In accordance with the previous literature, the present study provides evidence that intracranial hypertension and associated brain swelling are primary factors in the death of FHF patients. A sequence of events was proposed in which cerebral hemodynamic and metabolic alterations contribute to the rise in ICP, similar to that observed in acute brain trauma.31, 35 Because of its limitations, however, the present study could not provide definitive evidence on the role of hemodynamic factors. Nevertheless, the findings are consistent with such a hypothesis, and indicate a need for further, more systematic investigation.
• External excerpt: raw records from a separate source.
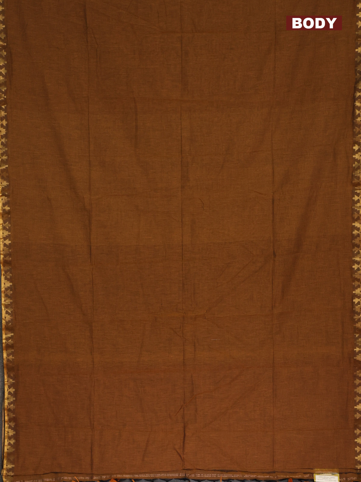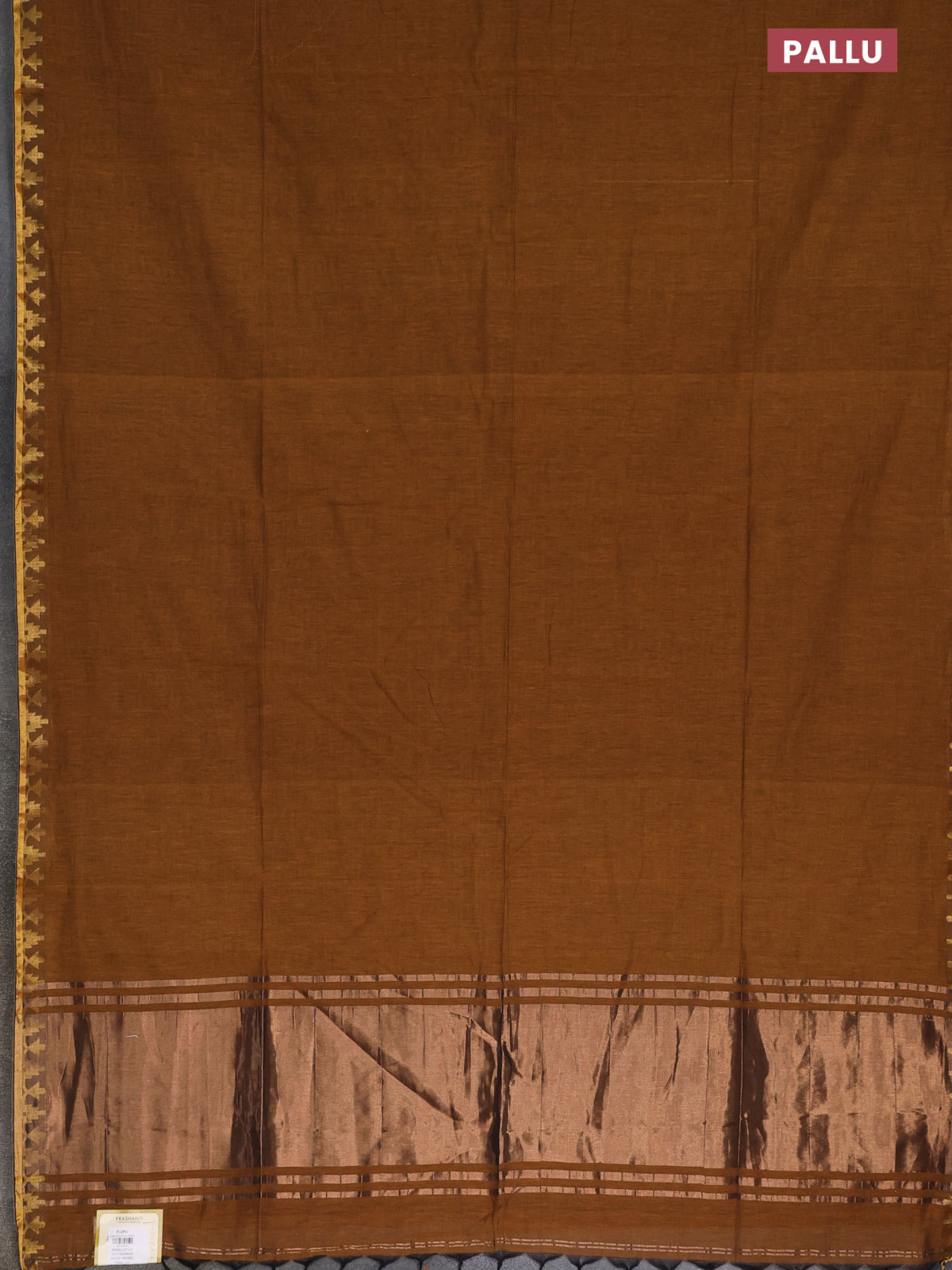 Bengal soft cotton saree mustard yellow and deep maroon with plain body and zari woven border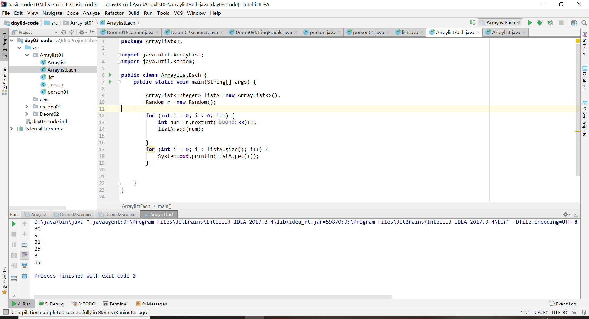 3. 循环20次,把随机数字放入大集合:for循环、add方法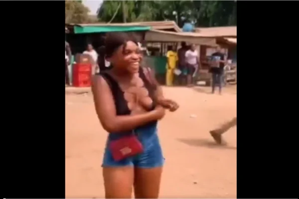 In a viral video, a young woman faced harassment from a group of men at a bus park over her outfit. The men demanded she change, poured water on her, and taunted her. Despite the woman's resistance, the crowd around grew, and she eventually left on a bike.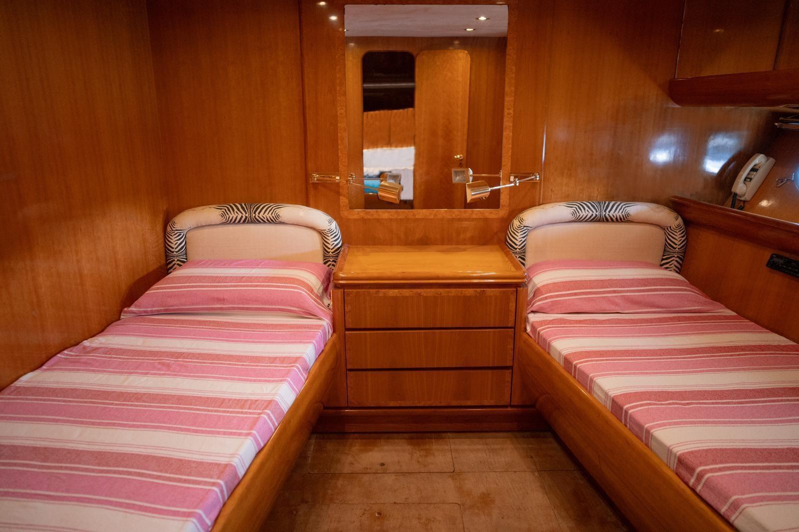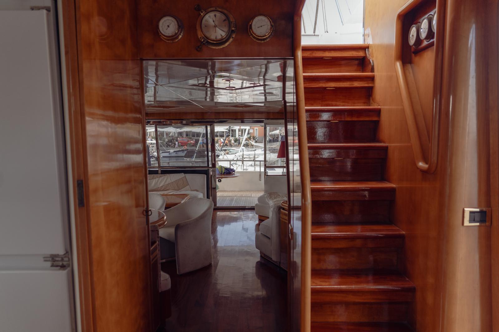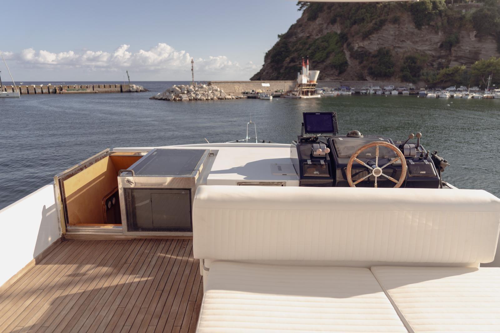 Antenna satelittare, Aria condizionata, Asciugatrice, Autoclave, Autopilota, Barometro, Batterie, Binocolo, Boiler, Bussola, Cuscineria completa, Dissalatore, Doccia esterna, Ecoscandaglio, Frigo e piastra elettrica su fly, GPS, Igrometro, Impianto antincendio fisso in vano motori, Indicatore angolo barra, Tv, Lavastoviglie, Lavatrice, Lettore dvd, Log, Pompe sentina (2 elettriche, 1 manuale), Passerella, Radar, Radio VHF, Salpancora, Stereo, Tavolo con sedute in pozzetto, Tendalino, Tender, Winch tonneggio di poppa

A fundamental question is whether cerebral hyperemia, found in 80% of the patients, precedes and contributes to the rise in ICP. As shown in Table 2, patients with hyperemia can have either a normal ICP (phase 2), or an elevated ICP (phase 3). Assuming a transition from phase 2 to 3, what is the mechanism responsible for this change? Clearly, there has been a compromise in brain compliance; i.e., an increase in brain stiffness.36 Aside from an elevated cerebral blood volume, hyperemia may enhance the development of vasogenic edema,21, 37 which would then increase ICP. Recent evidence38 suggests that inflammation (cytokines) may contribute to intracranial hypertension in FHF by inducing cerebral hyperemia.
A further question arises concerning the assumed transition between phases 3 and 4 (Table 2). Whereas both phases have an elevated ICP, the values for CBF are quite different: hyperemia in phase 3, and reduced flow in phase 4. As shown in the table, perfusion pressure drops to 46 mm Hg in phase 4. Given the likelihood of impaired cerebrovascular autoregulation,13, 39, 40 this could account for the reduction in CBF.
The above speculations on pathophysiology support the need for extended research aimed at elucidating the mechanisms responsible for decompensation of FHF patients. Although the present study does not provide specific insight into mechanisms, the results argue for a prospective investigation involving regularly timed observations of physiologic variables.